The described embodiments are to be considered in all respects only as illustrative and not restrictive. All changes which come within the meaning and range of equivalency of the claims are to be embraced within their scope.

Claims

What is claimed is:

1. A method, implemented by a computing system, for improving an efficiency with which a hardware computer processor is utilized, comprising:

receiving multiple LoRA (low rank adaptor) models;

batching the LoRA models together to generate one or more batches of the LoRA models;

creating a respective queue for each of the batches of the LoRA models;

calling the LoRA models in a sequence in which the LoRA models were batched; and

using only a single GPU (graphics processing unit), performing simultaneous parallel inferencing on all of the LoRA models.

2. The method as recited in claim 1, wherein the GPU is abstracted by a group of VGPUs (virtual GPUs), each of the VGPUs receiving the batches from a respective one of the queues.

3. The method as recited in claim 1, wherein the LoRA models are batched together based on respective output shapes of the LoRA models.

4. The method as recited in claim 1, wherein the LoRAs all reside simultaneously in VRAM (virtual random access memory).

5. The method as recited in claim 1, wherein the LoRA models have different respective input shapes.

6. The method as recited in claim 1, wherein the batching of the LoRA models optimizes a parallel processing capability of the GPU.

7. The method as recited in claim 1, wherein a VCPU (virtual central processing unit) of the GPU performs the simultaneous parallel inferencing.

8. The method as recited in claim 1, wherein each of the LoRAs has been fine-tuned on a different respective task of a common base model.

9. The method as recited in claim 1, wherein the queues are created by an orchestrator that receives the LoRAs and communicates with the GPU.

10. The method as recited in claim 1, wherein the LoRAs within a given one of the batches all have the same weights from a common base model.

11. A non-transitory storage medium having stored therein instructions that are executable by one or more hardware processors to perform operations comprising:

receiving multiple LoRA (low rank adaptor) models;

batching the LoRA models together to generate one or more batches of the LoRA models;

creating a respective queue for each of the batches of the LoRA models;

calling the LoRA models in a sequence in which the LoRA models were batched; and

using only a single GPU (graphics processing unit), performing simultaneous parallel inferencing on all of the LoRA models.

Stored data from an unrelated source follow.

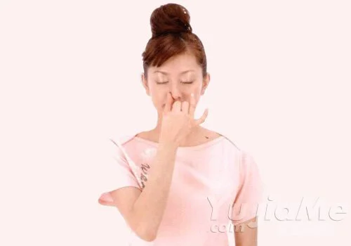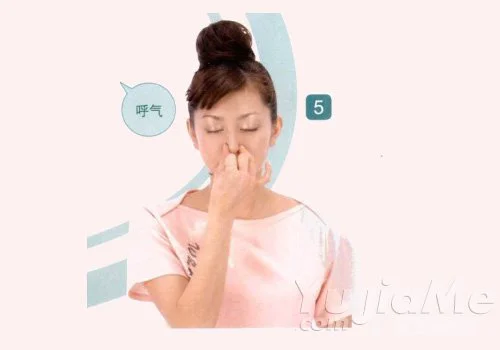 2、用拇指按住右鼻孔。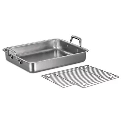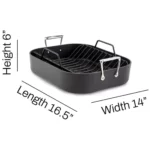 - Includes a V-shaped nonstick rack that elevates roasts for faster, more uniform cooking and crispier results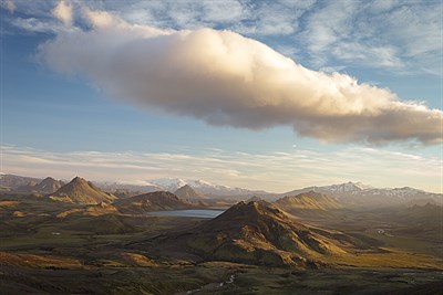 Na hraně sestupu z islandské vysočiny se otevírá nádherný výhled na bývalé sopky v okolí jezera Álftavatn, krajina se během jednoho dne naprosto mění již potřetí. Abychom nemuseli sestupovat dolů a nepřišli o tím o možnost zde večer i ráno fotografovat, stavíme na větrném svahu val z velkých kamenů, jako hradbu proti větru. Po hodině a půl namáhavé práce zjišťujeme, že stan za hradbou stejně vůbec nelze postavit. Za začínajícího šera proto sestupujeme směrem k jezeru a po krátkém hledání nacházíme snad jediné údolíčko v okruhu několika kilometrů skryté před větrem. Naprosto vyřízený automaticky zalézám do stanu a nechávám kolegu, aby se mi postaral o večeři. Díky tomu mám alespoň po probuzení více sil k tomu, abych se vyškrábal zpět do svahu a fotografoval celou scenérii i při ranním světle.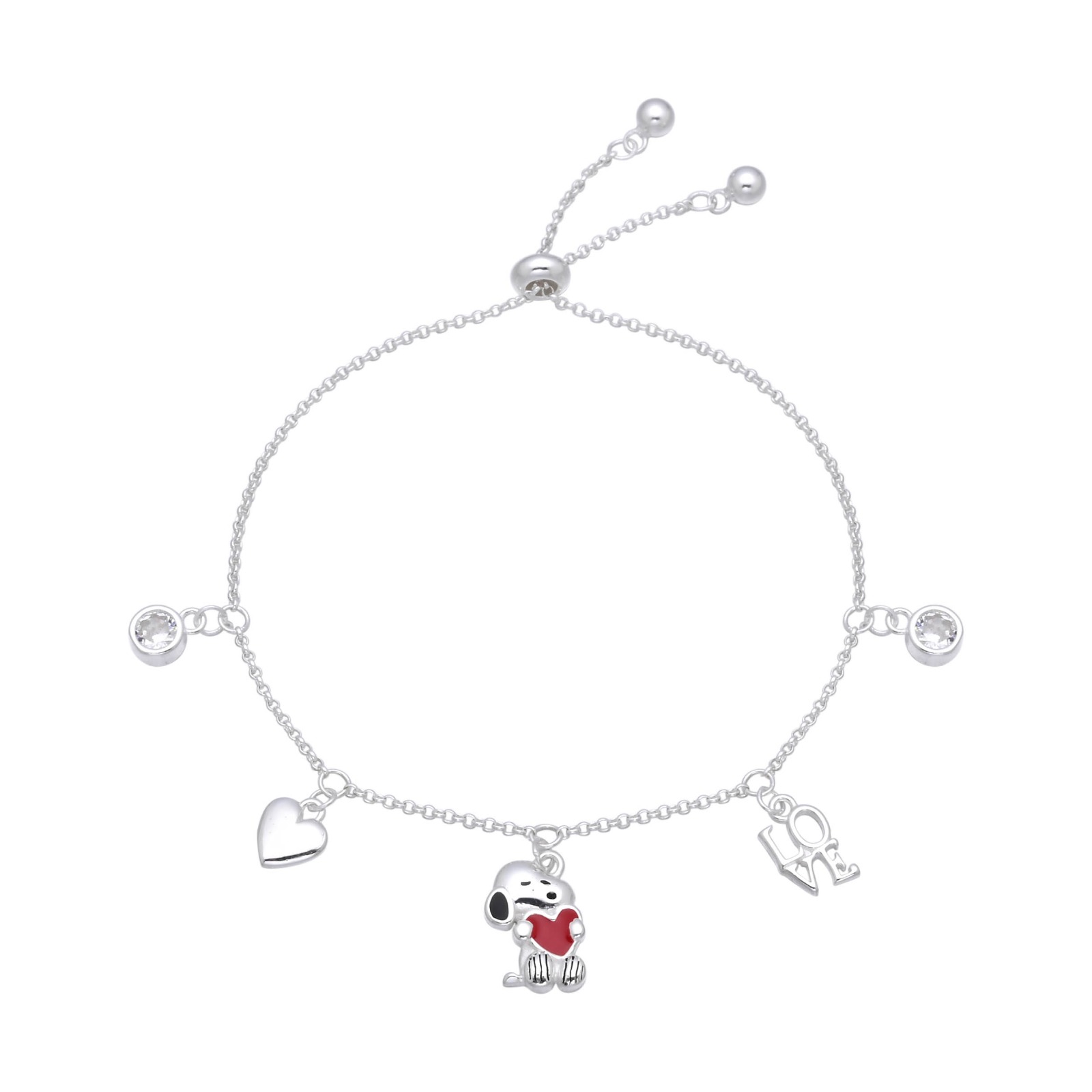 Hermosa Pulsera Ajustable de Snoopy Plata Italiana 925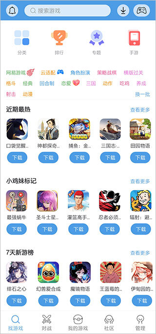 1、第一步是打开软件并进入找游戏页面,这里提供了丰富多样的游戏类型供你选择,你也能够借助搜索功能找到自己想要的游戏。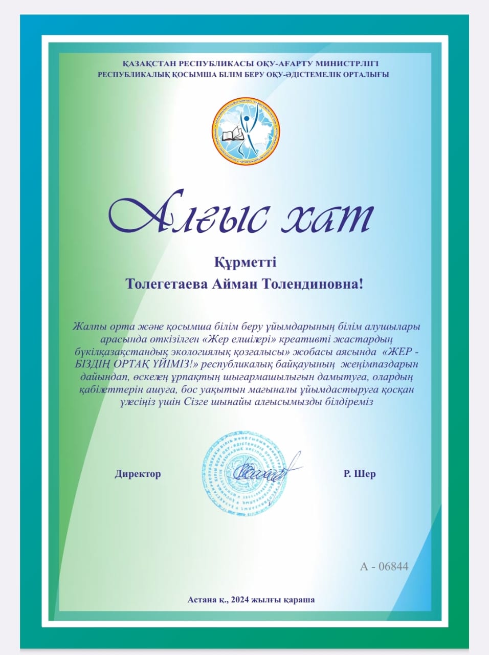 Жалпы орта және қосымша білім беру ұйымдарының білім алушылары арасында өткізілген "Жер елшілері" креативті жастардың БҮКІЛҚАЗАҚСТАНДЫҚ экологиялық қозғалысы жобасы аясында "Жер-біздің ортақ үйіміз" РЕСПУБЛИКАЛЫҚ байқауына мектебіміздің 3 "Ә" сынып оқушысы Рысбек Раяна қатысып жүлделі III - орынға ие болды.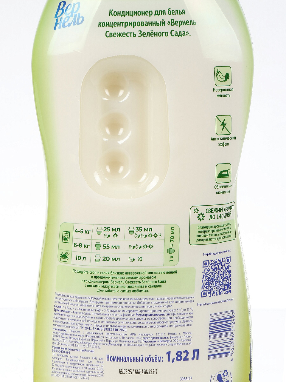 Свежесть зелёного сада на вашем белье: кондиционер Вернель 1.82 л — до 72 стирок, антисмятие, защита волокон, выгодная цена и экономия времени.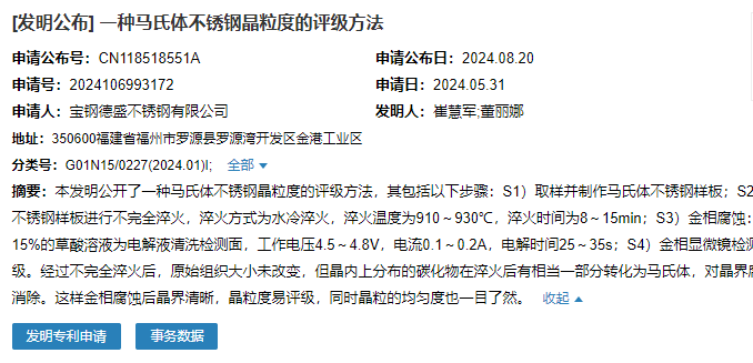 2024年8月20日,寶鋼德盛不銹鋼有限公司成功申請一項名為“一種馬氏體不銹鋼晶粒度的評級方法”專利,申請公布號為CN118518551A,申請日期為2024年5月31日。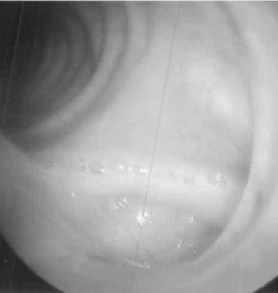 Reintervention - 호흡에 따라 스텐트의 모양이 유지되지 못함에 따라 일주일 후 스텐트를 제거하고 flexible part의 구조를 보강한 스텐트를 삽입하였다. 스텐트 제거를 위한 bronchoscopy상에서 carina 부분에 놓여있던 flexible part의 실리콘 코팅에 hole이 생긴 것을 확인할 수 있었으며 (Fig, 6) 13 F sheath와 hook wire를 이용하여 스텐트를 제거하였다. 새로 삽입한 스텐트는 tracheal part 의 직경이 24 mm, bronchial part의 직경이 14nm, 총 길이는 90 mm였으며 시술 후 fluoroscopy 상에서 호흡에 따른 collapse 없이 flexible part에서 스텐트의 직경이 잘 유지되고 있었다 (Fig. 7). 시술 후 15일째 단순흉부촬영에서 스텐트의 migration, collapse 등의 문제가 발생하지 않은 것을 확인할 수 있었다 (Fig. 8).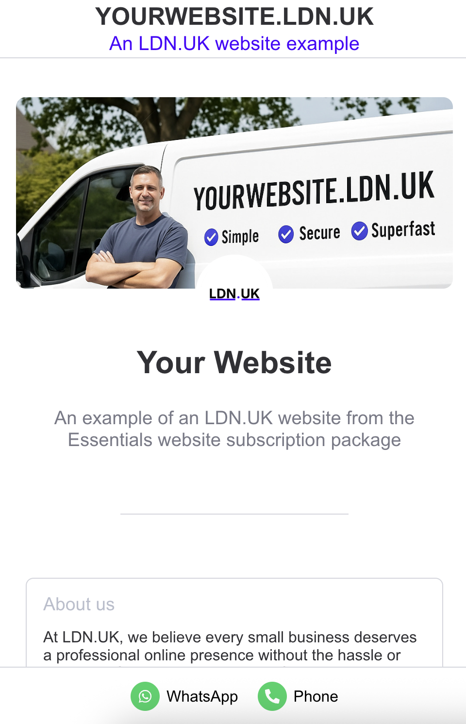 Website-as-a-Service (WaaS) - All our website subscription packages include a domain name (or an ldn.uk subdomain), superfast hosting, built-in SEO - the full works for one monthly price.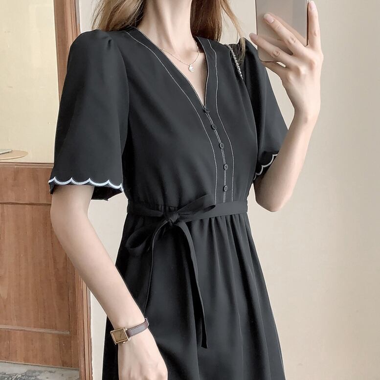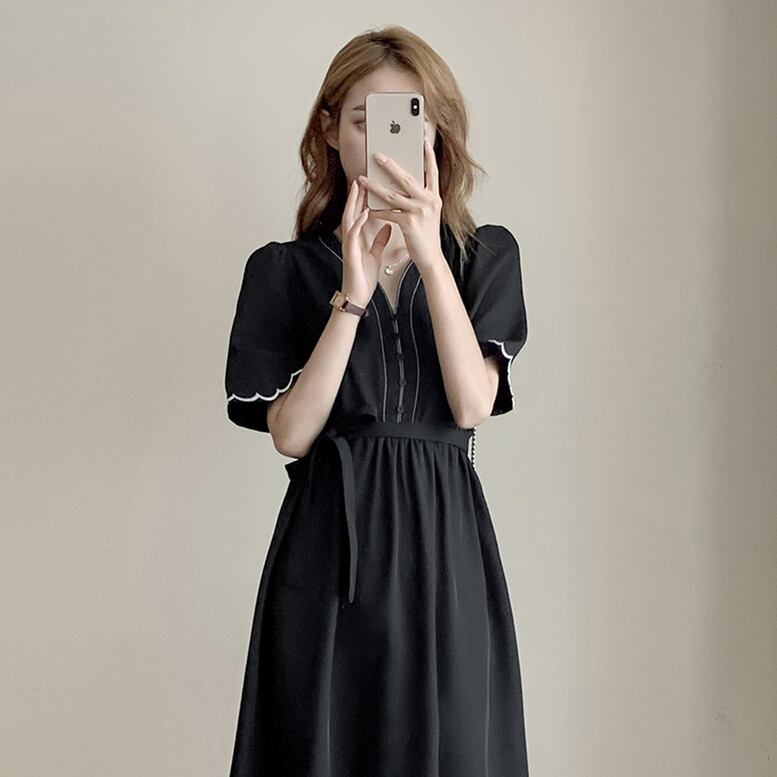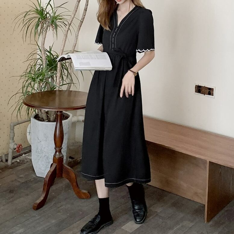 Vネックワンピース レディース 送料無料 ワンピース ドレス dress シャツワンピース フレアワンピース ブラックドレス スカラップ袖ワンピース ウエストリボンワンピース フレアスリーブシャツワンピース ひざ下 ミモレ ロング丈 半袖 フレアスリーブ Vネック ウエストリボン エレガント 大人可愛い きれいめ 華やか 上品 レトロ クラシック キュート ガーリー 黒 ブラック オケージョン 謝恩会 演奏会 発表会 二の腕カバー 高見え 格上げ 春夏 デイリー お呼ばれ 二次会 トレンド
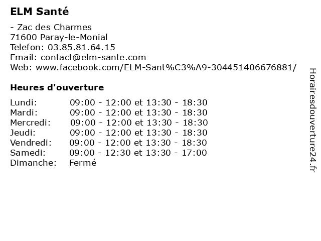 Lundi | 09:00-12:00 et 13:30-18:30 |

12. The non-transitory storage medium as recited in claim 11, wherein the GPU is abstracted by a group of VGPUs (virtual GPUs), each of the VGPUs receiving the batches from a respective one of the queues.

13. The non-transitory storage medium as recited in claim 11, wherein the LoRA models are batched together based on respective output shapes of the LoRA models.

14. The non-transitory storage medium as recited in claim 11, wherein the LoRAs all reside simultaneously in VRAM (virtual random access memory).

15. The non-transitory storage medium as recited in claim 11, wherein the LoRA models have different respective input shapes.

16. The non-transitory storage medium as recited in claim 11, wherein the batching of the LoRA models optimizes a parallel processing capability of the GPU.

17. The non-transitory storage medium as recited in claim 11, wherein a VCPU (virtual central processing unit) of the GPU performs the simultaneous parallel inferencing.

18. The non-transitory storage medium as recited in claim 11, wherein each of the LoRAs has been fine-tuned on a different respective task of a common base model.

19. The non-transitory storage medium as recited in claim 11, wherein the queues are created by an orchestrator that receives the LoRAs and communicates with the GPU.

20. The non-transitory storage medium as recited in claim 11, wherein the LoRAs within a given one of the batches all have the same weights from a common base model.